Attend class. I do not take attendance, and you are not directly penalized for missing class, but I do hold you responsible for what I teach in lecture. Seeing me putting into practice the concepts we are studying will be very useful to you. There will be some techniques I show in class that will greatly assist you in passing the exams and producing good programs efficiently, but they are not in the text.

Collaborative work. You are encouraged to work together for better understanding of the course material and assignments. But do your own actual program writing

by yourself. You may not collectively write a program with a friend or classmate and then several people submit the same code. Also, while working together can enhance your learning, too much reliance on others can be disastrous at exam time.

You may think you understand a concept when you are discussing it is a group… and then when you are on your own on an exam you discover the holes in your understanding. So make good use of any study guides you are given before exams.

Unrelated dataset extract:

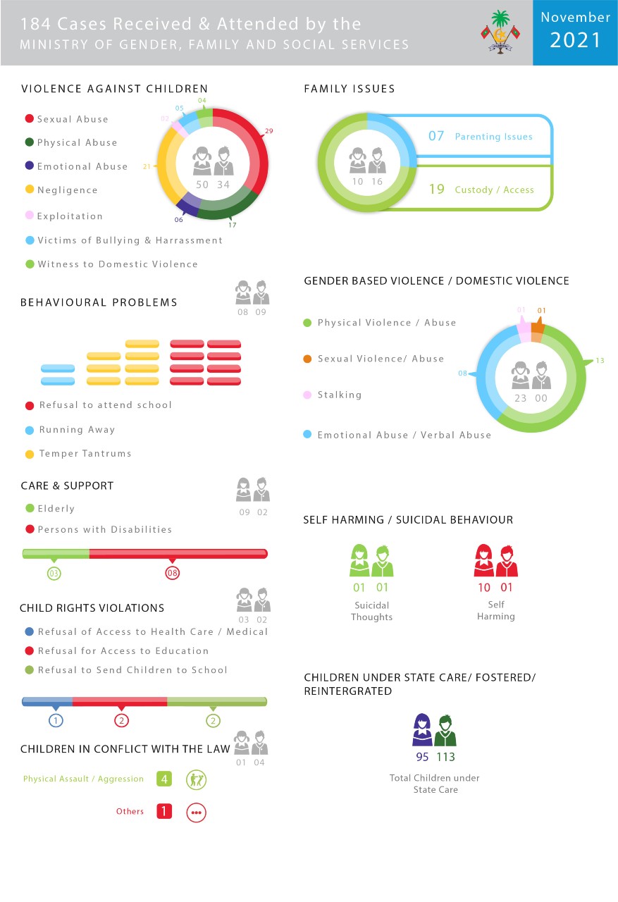 ނޮވެންބަރު 2021 ގައި މިނިސްޓްރީ އޮފް ޖެންޑަރ، ފެމިލީ އެންޑް ސޯޝަލް ސަރވިސަސްއަށް ޖުމްލަ 184 މައްސަލަ ރިޕޯޓުކޮށް އެޓެންޑްކޮށްފައިވެއެވެ.
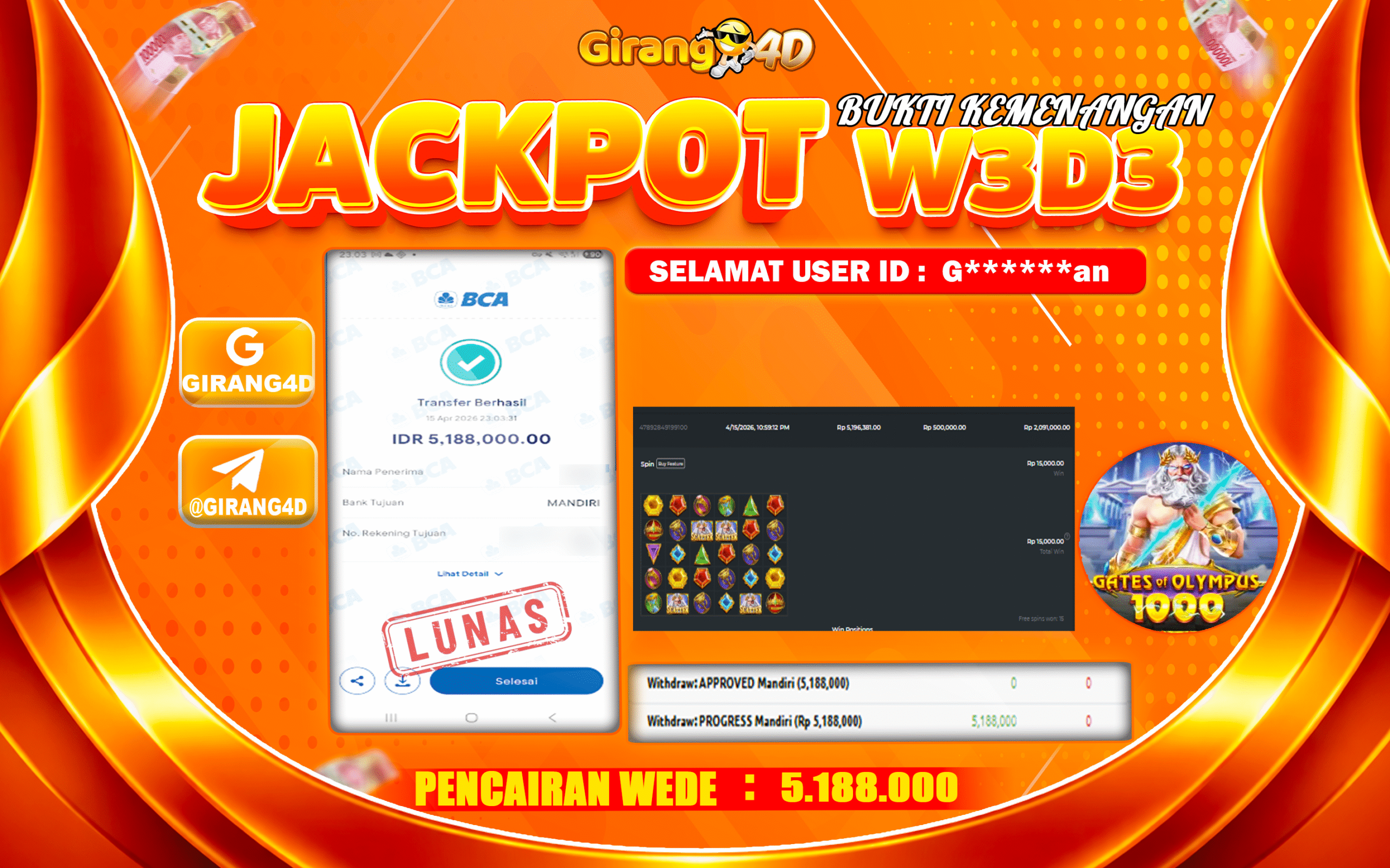 GIRANG4D Bukti Kemenangan SLOT GATES OF OLYMPUS 1000

Late work. Each program will have a specific date/time deadline; late programs will be penalized as follows:

 1 day late (up to 24 hours after due date and time): 10% deduction

 one class late (up to the start of the next class after the due date/time): 25%

 two classes late: 50%

 three classes late: 75%

 more than 3 classes late: 100%

Final exam. The course final exam is given in compliance with UNC final exam regulations and according to the UNC Final Exam calendar.

Honor Code

We are very serious about the honor code. It’s easy to cheat in this course; it’s also easy for us to detect plagiarism. So don’t do it! We know programming and programs better than you do (that’s why we can teach it !) Do your own work. If you work with others collaboratively (as noted above that you may) make sure the collaborative work is on concepts and understanding and that you produce your own program source code for submission. Observe fully the University Honor Code.

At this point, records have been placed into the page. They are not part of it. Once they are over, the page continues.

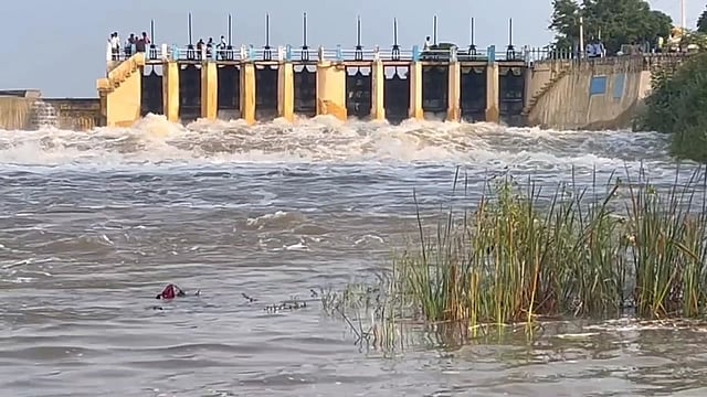 Flooding in the Ponnai River Flood warning issued for people living along the banks!
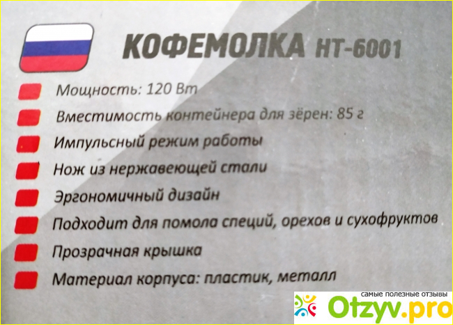 Все важные характеристики на обратной стороне упаковки и все соответствуют тем, что обещаны производителем. Кофемолка мне нравится, муж тоже доволен. Размалывает кофе и орехи, как и обещано, сухофрукты не пробовала. Еще я её использую для измельчения семян льна, справляется за считанные секунды.
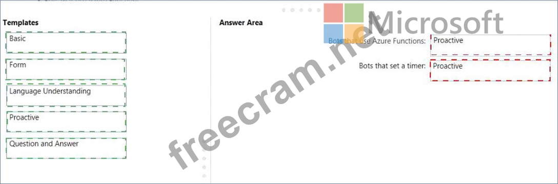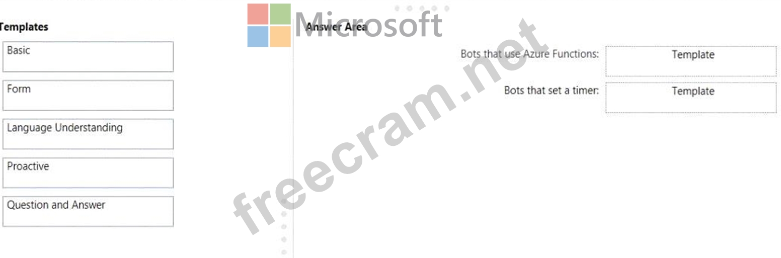 Which template should you use for each bot type? To answer, drag the appropriate templates to the correct bot types. Each template may be used once, more than once, or not at all. You may need to drag the split bar between panes or scroll to view content.
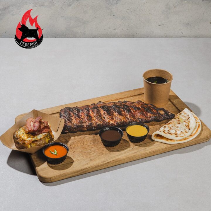 – 1 порція Ребер на вогні з соусом на вибір (барбекю, гірчичний або азійський)

You are free to use any program content that was presented in class, in help sessions, or in the course texts without permission or citation. You can use pieces of code that you find in other texts, but cite the source in comments (no penalty). You may not use material from previous offerings of this course. And as said before, you may not submit code written by your classmates, or by any other person who specifically wrote it as a solution to the problem description.

The basic theme is this: you may get assistance from others on language concepts, problem understanding, and algorithm design, but you must write the code yourself to implement and test your solutions. This is how you learn… by doing.

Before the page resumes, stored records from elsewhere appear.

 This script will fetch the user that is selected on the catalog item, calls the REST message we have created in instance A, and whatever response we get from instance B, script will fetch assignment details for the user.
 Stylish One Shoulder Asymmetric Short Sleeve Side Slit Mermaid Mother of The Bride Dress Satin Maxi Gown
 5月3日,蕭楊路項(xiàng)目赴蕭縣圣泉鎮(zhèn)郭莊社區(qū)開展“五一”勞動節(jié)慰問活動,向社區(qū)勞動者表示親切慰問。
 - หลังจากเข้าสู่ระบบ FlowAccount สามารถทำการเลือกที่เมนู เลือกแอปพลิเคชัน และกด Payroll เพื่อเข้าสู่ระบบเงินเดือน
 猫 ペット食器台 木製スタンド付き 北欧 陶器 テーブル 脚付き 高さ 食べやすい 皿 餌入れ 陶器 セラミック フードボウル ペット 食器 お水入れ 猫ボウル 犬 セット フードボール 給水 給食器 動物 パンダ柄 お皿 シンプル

For exams you will be required to sign a pledge attesting to the exam work being yours alone.

Disclaimer

The professor reserves to right to make changes to the syllabus, including program and homework due dates and test dates, as well as percentages for assignments and exams towards the final course grade. Any changes will be announced as early as possible.

Warnings and Wisdom

This can be a very time-consuming course. It is not unusual for a student to spend an average of 10-12 hours each week outside of class. Do not fall behind.

Subsequent assignments build on understanding of previous assignments.

Read the text and try the examples. Make use of the code examples we develop in class. We are doing these for a reason. The examples I develop in class will be very useful in solving the assignments I give you. They are not there randomly.

Programming is best learned by doing not by reading alone. This is why, in class, I

will be doing programming so you can see how is done. Take the text examples, change them, see what happens. Take the class program examples, change them, see what happens. Try stuff. Be inquisitive.

Start your assignments early. I know how long they take to complete, and I don’t give you 2 weeks to do an assignment if it only takes 2 days. So don’t wait until 2 days before the due date to start it. We cannot really assist you well if you are coming for help the night before and say “um… I am not quite sure how to get this thing going.”

Warning: programming is fun and can capture your imagination completely! It snagged me in 1976 and has not let go yet.